Grilled Banana S'mores

In an effort to beat the heat this summer – I have been doing tons of grilling.  So I was really intrigued when I saw this recipe – since I have never made dessert on the grill before (although grilled peaches are high on my list to make – I know I’m missing out not trying that!).  Not only do you grill the bananas to get them nice and caramelized – you cook the graham cracker crust and chocolate/marshmallows right on the grill too.  I ended up finishing this with my kitchen torch – just to get the charred top – but these were a really nice after dinner treat!  Enjoy!



  • 1 cup graham cracker crumbs
  • 4 Tbsp. unsalted butter, melted
  • 1 egg yolk


  • 1 Tbsp. unsalted butter melted
  • 1 tsp. brown sugar
  • 2 medium bananas, firm but ripe
  • 4 cups mini marshmallows
  • 1/2 – 1 cup semisweet chocolate chips


1. Preheat the grill on medium heat.

2. In a large bowl, combine the crust ingredients and mix well.  Press into a 8x8 inch baking pan. 

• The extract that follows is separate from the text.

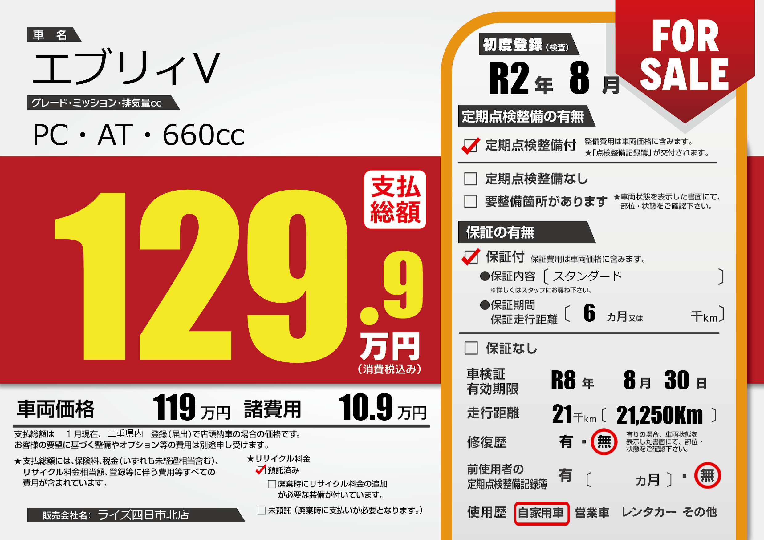 | 車名 | エブリィV | グレード ミッション 排気量 |
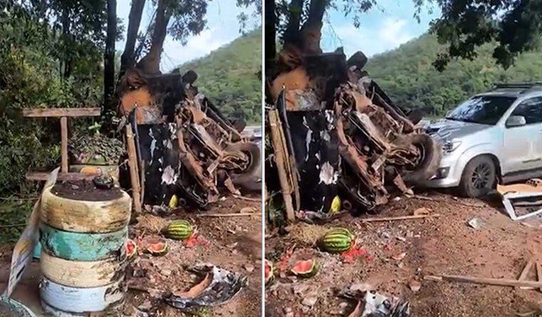 Caminhonete carregada de melancias perde freio em serra, atinge veículos e deixa dois mortos

3. Grill the crust on indirect medium heat (no directly on the flame) with the lid closed.  One firm and lightly browned – about 6-8 minutes, remove crust from grill and set aside to cool.

3.  In a small bowl combine the brown sugar and 1 Tbsp. of melted butter.  Cut each banana in half lengthwise, leaving the skins attached.  Brush the cut sides with the butter/sugar mixture.

4.  Grill the bananas directly over medium heat, until they soften – 2-4 minutes.  Set aside and let cool.  Then slice into cubes.

5. Fill the pan with 2 cups of marshmallows, top with bananas and half of the chips.  Then top with the rest of the marshmallows and chips.

6. Grill over indirect heat with the lid closed – until the marshmallows have puffed up and start to brown 5-7 minutes.  Using a kitchen torch – brown the tops of the marshmallows. 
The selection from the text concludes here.